Так вот Шарик выделывает все свои курбеты, а Бусый тут же, обязательно смотрит. Нравится, что ли? Или, может, на всякий случай: вдруг кто-нибудь вздумает пообидеть милаху Шарика!

Неразлучники: куда один, туда другой.

Шарик во дворе — и Бусый во дворе.

Собака домой — и кот домой. Как привязанные!
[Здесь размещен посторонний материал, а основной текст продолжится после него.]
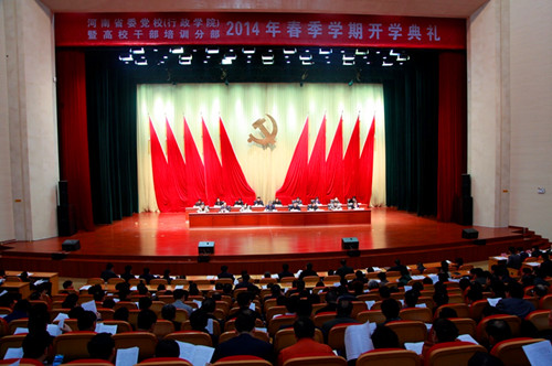 2014年2月27日上午,河南省委党校暨高校干部培训分部2014年春季开学典礼在省委党校举行。省委副书记邓凯出席开学典礼并作了题为“组织意识是党性修养的试金石”的报告。我校党委常务副书记梁晓夏、河南省干部教育培训中心河南大学分部第20期县处级干部培训班全体学员及干部培训中心有关负责同志参加了开学典礼。
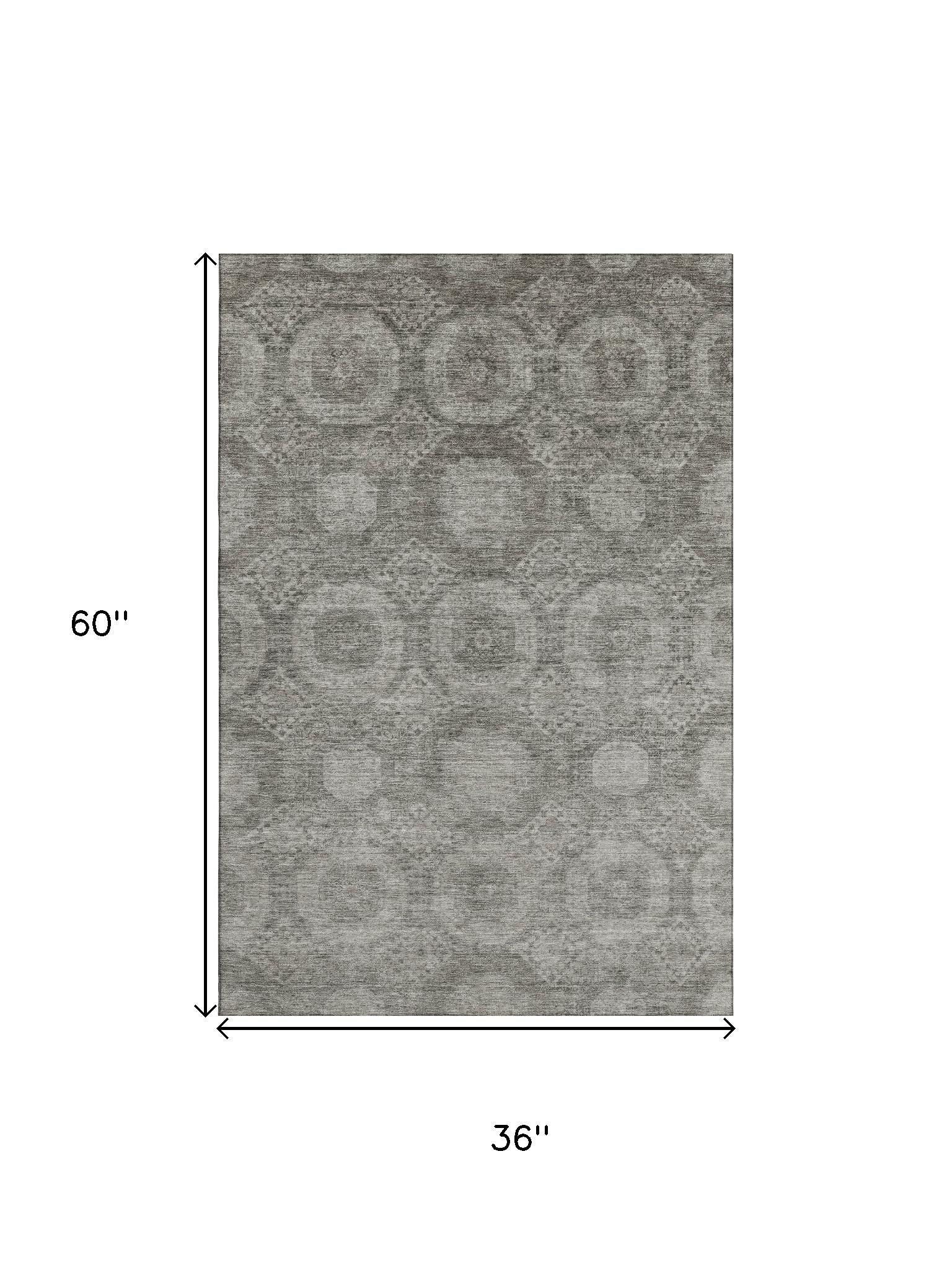 Add great coloration and comfortable texture to your space with this 3-foot x 5-foot pewter and gray abstract geometric washable area rug with uv protection. Ideal for spaces with kids and pets, this rug is stain resistant to help repel dirt and spilled liquids. Built to last, this rug crafted from polyester fibers is known for its durability and long lasting appeal. Rugs are a great way to showcase your style, hide imperfections, warm your home and reduce noise. This smaller sized, transitional styled rug is just what you need for your walkway, bedside, in front of door, cabinet, refrigerator, or chair. 36.00-inch h x 60.00-inch w x 0.39-inch d.
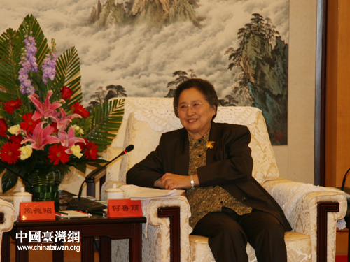 何魯麗指出,大陸和臺灣同屬一個中國,中國是兩岸同胞的共同家園,13億大陸同胞和2300萬臺灣同胞都是血脈相連的命運共同體。20多年來,兩岸人員往來和經濟文化交流已經達到相當的規模和水平,兩岸同胞的共同利益日益增大,兩岸經濟優勢互補、共同發展的前景進一步顯現。在今年3月召開的全國政協十一屆一次會議上,胡錦濤總書記再次就兩岸關系問題發表重要講話,這既是對我們一貫對臺方針、政策的重申與強調,又是對新形勢下發展兩岸關系的新宣示、新闡述,充分表明了祖國大陸為兩岸同胞謀福祉,為臺海地區謀和平的善意和誠意。
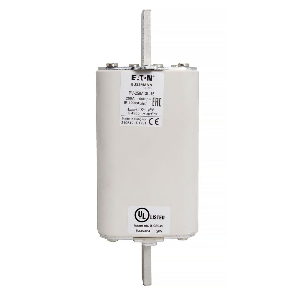 This is manufactured by Eaton. The manufacturer part number is PV-250A-3L-15. It has a typical 205mm fixing centres . Moreover, the product has a nominal 1.5kv voltage rating. A fuse with a 3l size. The product has a current rating of 250a. The fuse complies with iec 60269-6 standards. It has typical 8 weeks of manufacturer standard lead time. Its typical moisture sensitivity level is 1 (unlimited). It is available in the standard package of 1. The eaton's product offers user-desired applications.
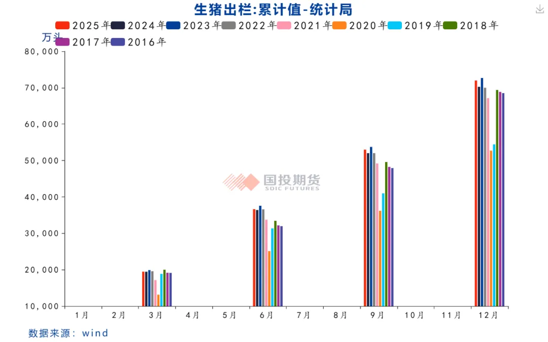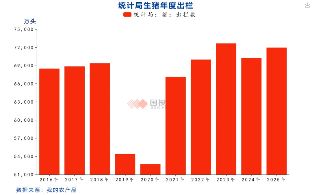 从生猪出栏量数据来看,2025年生猪出栏量71973万头,2024年为70256万头,2025年全年生猪出栏同比增加2.4%,但低于2023年的72662万头,为过去10个年份当中历史第二高。2025年生猪出栏量压力持续释放,导致下半年猪价跌至10~11元/公斤历史低位区间。

Шарик кость гложет, а Буско сидит и смотрит. Если кто-то подойдет — зашипит, взъерошится, гонит прочь: не мешай приятелю! Мышь поймает — несет другу, положит и ждет, когда Шарик похвалит. Молодец, мол, действуй так же дальше.

Раз во двор забежала большая чужая собака. Худая, голодная. Ворота забыли запереть, она и забежала.

Шарик в ту пору сидел на крыльце и, жмурясь, грелся на солнышке, рядом лежала недоеденная косточка. Незваная гостья сразу нацелилась на нее. А Шарик возьми да рявкни: не дам, мол!

Ох и худо пришлось бы Шарику! Чужая собака была вдвое больше его. И вдруг, откуда ни возьмись, Бусый.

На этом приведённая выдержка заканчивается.